The MCS talked with an external co-processor, the DCP (Datacomm Control Processor). This was a 24-bit minicomputer with a conventional register architecture and hardware I/O capability to handle thousands of remote terminals. The DCP and the B6500 communicated by messages in memory, essentially packets in today's terms, and the MCS did the B6500-side processing of those messages. In the early years the DCP did have an assembler (Dacoma), an application program called DCPProgen written in B6500 ALGOL. Later the NDL (Network Definition Language) compiler generated the DCP code and NDF (network definition file). There was one ALGOL function for each kind of DCP instruction, and if you called that function then the corresponding DCP instruction bits would be emitted to the output. A DCP program was an ALGOL program comprising nothing but a long list of calls on these functions, one for each assembly language statement. Essentially ALGOL acted like the macro pass of a macro assembler. The first pass was the ALGOL compiler; the second pass was running the resulting program (on the B6500) which would then emit the binary for the DCP.

DMALGOL and databases

Another variant of ALGOL is DMALGOL (Data Management ALGOL). DMALGOL is ALGOL extended for compiling the DMSII database software from database description files created by the DASDL (Data Access and Structure Definition Language) compiler. Database designers and administrators compile database descriptions to generate DMALGOL code tailored for the tables and indexes specified. Administrators never need to write DMALGOL themselves. Normal user-level programs obtain database access by using code written in application languages, mainly ALGOL and COBOL, extended with database instructions and transaction processing directives. The most notable feature of DMALGOL is its preprocessing mechanisms to generate code for handling tables and indices.

DMALGOL preprocessing includes variables and loops, and can generate names based on compile-time variables. This enables tailoring far beyond what can be done by preprocessing facilities which lack loops.

DMALGOL is used to provide tailored access routines for DMSII databases. After a database is defined using the Data Access and Structure Definition Language (DASDL), the schema is translated by the preprocessor into tailored DMALGOL access routines and then compiled. This means that, unlike in other DBMS implementations, there is often no need for database-specific if/then/else code at run-time. In the 1970s, this "tailoring" was used very extensively to reduce the code footprint and execution time. It became much less used in later years, partly because low-level fine tuning for memory and speed became less critical, and partly because eliminating the preprocessing made coding simpler and thus enabled more important optimizations. DMALGOL included verbs like "find", "lock", "store". Also the verbs "begintransaction" and "endtransaction" were included, solving the deadlock situation when multiple processes accessed and updated the same structures.

Roy Guck of Burroughs was one of the main developers of DMSII.

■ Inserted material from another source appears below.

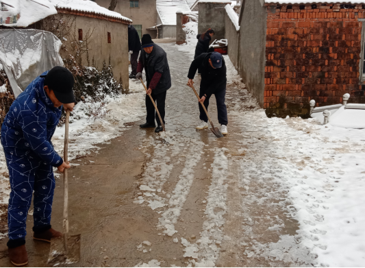 鏟雪現(xiàn)場,寒風(fēng)瑟瑟,大家發(fā)揚不怕苦不怕累的精神,不畏嚴(yán)寒、積極行動,拿上鐵鍬、掃帚等工具,對村周圍道路設(shè)施及娛樂活動場地的積雪清理,為村民營造出干凈整潔的出行環(huán)境,消除安全隱患。天氣雖然寒冷,但大家干勁十足,相互配合,不一會兒工夫,積雪就被鏟除干凈。

In later years, with compiler code size being less of a concern, most of the preprocessing constructs were made available in the user level of ALGOL. Only the unsafe constructs and the direct processing of the database description file remain restricted to DMALGOL.

Stack architecture

In many early systems and languages, programmers were often told not to make their routines too small. Procedure calls and returns were expensive, because a number of operations had to be performed to maintain the stack. The B5000 was designed as a stack machine – all program data except for arrays (which include strings and objects) was kept on the stack. This meant that stack operations were optimized for efficiency. As a stack-oriented machine, there are no programmer addressable registers.

Multitasking is also very efficient on the B5000 and B6500 lines. There are specific instruction to perform process switches:

B5000, B5500, B5700
Initiate P1 (IP1) and Initiate P2 (IP2)[5]:6–30
B6500, B7500 and successors
MVST (move stack).[7]:8–19[19]

Each stack and associated[NB 5] Program Reference Table (PRT) represents a process (task or thread) and tasks can become blocked waiting on resource requests (which includes waiting for a processor to run on if the task has been interrupted because of preemptive multitasking). User programs cannot issue an IP1,[NB 5] IP2[NB 5] or MVST,[NB 6] and there is only one place in the operating system where this is done.

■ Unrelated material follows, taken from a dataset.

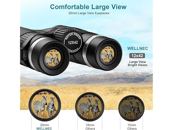 - 【20mm Large Eyepiece Binoculars, Larger Image, Clearer Details】20mm large eyepiece, 12X high power magnification and 42mm objective lenses, provides you 303ft/1000yds large field of view, delivers the widest, most natural view and leaves nothing hidden. Perfect for birdwatching, hunting, cruise ship, travel, etc.

So a process switch proceeds something like this – a process requests a resource that is not immediately available, maybe a read of a record of a file from a block which is not currently in memory, or the system timer has triggered an interrupt. The operating system code is entered and run on top of the user stack. It turns off user process timers. The current process is placed in the appropriate queue for the resource being requested, or the ready queue waiting for the processor if this is a preemptive context switch. The operating system determines the first process in the ready queue and invokes the instruction move_stack, which makes the process at the head of the ready queue active.

Stack speed and performance

Some of the detractors of the B5000 architecture believed that stack architecture was inherently slow compared to register-based architectures. The trick to system speed is to keep data as close to the processor as possible. In the B5000 stack, this was done by assigning the top two positions of the stack to two registers A and B. Most operations are performed on those two top of stack positions. On faster machines past the B5000, more of the stack may be kept in registers or cache near the processor.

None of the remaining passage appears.